Or, we can take the approach Trevor takes in this,
combi$Title <- sapply(combi$Name, FUN=function(x) {strsplit(x, split = "[.,]")[[1]][2]})
combi$Title <- sub(' ', '', combi$Title)
table(combi$Title)
##
## Capt Col Don Dona Dr
## 1 4 1 1 8
## Jonkheer Lady Major Master Miss
## 1 1 2 61 260
## Mlle Mme Mr Mrs Ms
## 2 1 757 197 2
## Rev Sir the Countess
## 8 1 1
The latter approach does a little better.
combi$Title[combi$Title %in% c('Mme', 'Mlle')] <- 'Mlle'
combi$Title[combi$Title %in% c('Capt', 'Don', 'Major', 'Sir')] <- 'Sir'
combi$Title[combi$Title %in% c('Dona', 'Lady', 'the Countess', 'Johnkeer')] <- 'Lady'
combi$Title <- factor(combi$Title)
Another variable we can fetch is the size of family, using SibSp and Parch
combi$FamilySize <- combi$SibSp + combi$Parch + 1
Extract surnames and Family ID,
combi$Surname <- sapply(combi$Name, FUN=function(x) {strsplit(x, split = "[.,]")[[1]][1]})
combi$FamilyID <- paste(as.character(combi$FamilySize), combi$Surname, sep = '')
At this point, I’m not sure what’s going on in which variables.
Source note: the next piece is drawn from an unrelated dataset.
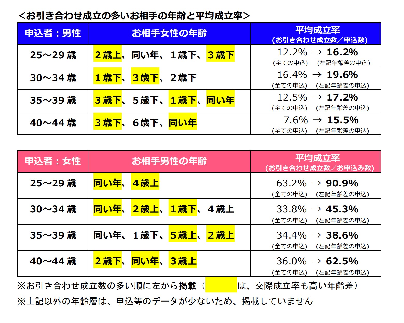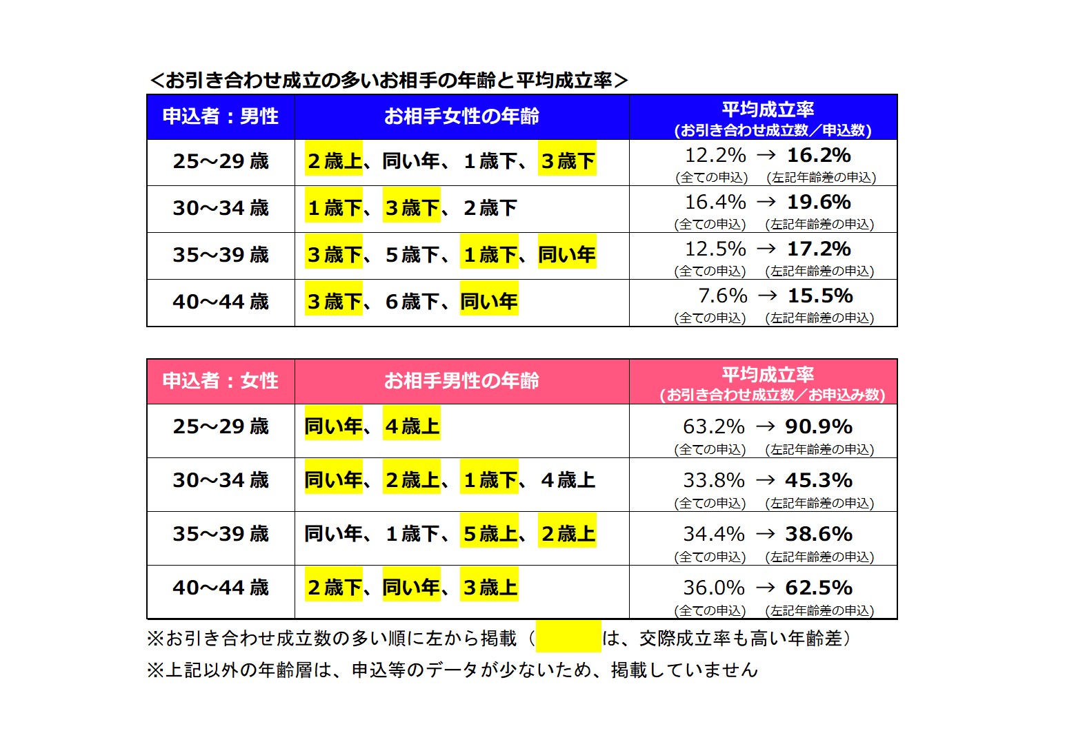 お引き合わせ成立の多いお相手年齢の紹介!!

I’ll keep on going though. Maybe it’s like making your way to the light switch in a dark room.
Anything more? Well we just thought about a large family having issues getting to lifeboats together, but maybe specific families had more trouble than others? We could try to extract the Surname of the passengers and group them to find families, but a common last name such as Johnson might have a few extra non-related people aboard. In fact there are three Johnsons in a family with size 3, and another three probably unrelated Johnsons all travelling solo.
This is where I was lost, just to note.
combi$FamilyID[combi$FamilySize <= 2] <- "Small"
table(combi$FamilyID)
##
## 11Sage 3Abbott 3Appleton 3Beckwith
## 11 3 1 2
## 3Boulos 3Bourke 3Brown 3Caldwell
## 3 3 4 3
## 3Christy 3Collyer 3Compton 3Cornell
## 2 3 3 1
## 3Coutts 3Crosby 3Danbom 3Davies
## 3 3 3 5
## 3Dodge 3Douglas 3Drew 3Elias
## 3 1 3 3
## 3Frauenthal 3Frolicher 3Frolicher-Stehli 3Goldsmith
## 1 1 2 3
## 3Gustafsson 3Hamalainen 3Hansen 3Hart
## 2 2 1 3
## 3Hays 3Hickman 3Hiltunen 3Hirvonen
## 2 3 1 1
## 3Jefferys 3Johnson 3Kink 3Kink-Heilmann
## 2 3 2 2
## 3Klasen 3Lahtinen 3Mallet 3McCoy
## 3 2 3 3
## 3Minahan 3Moubarek 3Nakid 3Navratil
## 1 3 3 3
## 3Newell 3Newsom 3Nicholls 3Peacock
## 1 1 1 3
## 3Peter 3Quick 3Richards 3Rosblom
## 3 3 2 3
## 3Samaan 3Sandstrom 3Silven 3Spedden
## 3 3 1 3
## 3Strom 3Taussig 3Thayer 3Thomas
## 1 3 3 1
## 3Touma 3van Billiard 3Van Impe 3Vander Planke
## 3 3 3 2
## 3Wells 3Wick 3Widener 4Allison
## 3 3 3 4
## 4Backstrom 4Baclini 4Becker 4Carter
## 1 4 4 4
## 4Davidson 4Dean 4Herman 4Hocking
## 1 4 4 2
## 4Jacobsohn 4Johnston 4Laroche 4Renouf
## 1 4 4 1
## 4Vander Planke 4West 5Ford 5Hocking
## 1 4 5 1
## 5Kink-Heilmann 5Lefebre 5Palsson 5Ryerson
## 1 5 5 5
## 6Fortune 6Panula 6Rice 6Richards
## 6 6 6 1
## 6Skoog 7Andersson 7Asplund 8Goodwin
## 6 9 7 8
## Small
## 1025
There is some problem that occurs at this point which we’re trying to fix, something wrong with family ID.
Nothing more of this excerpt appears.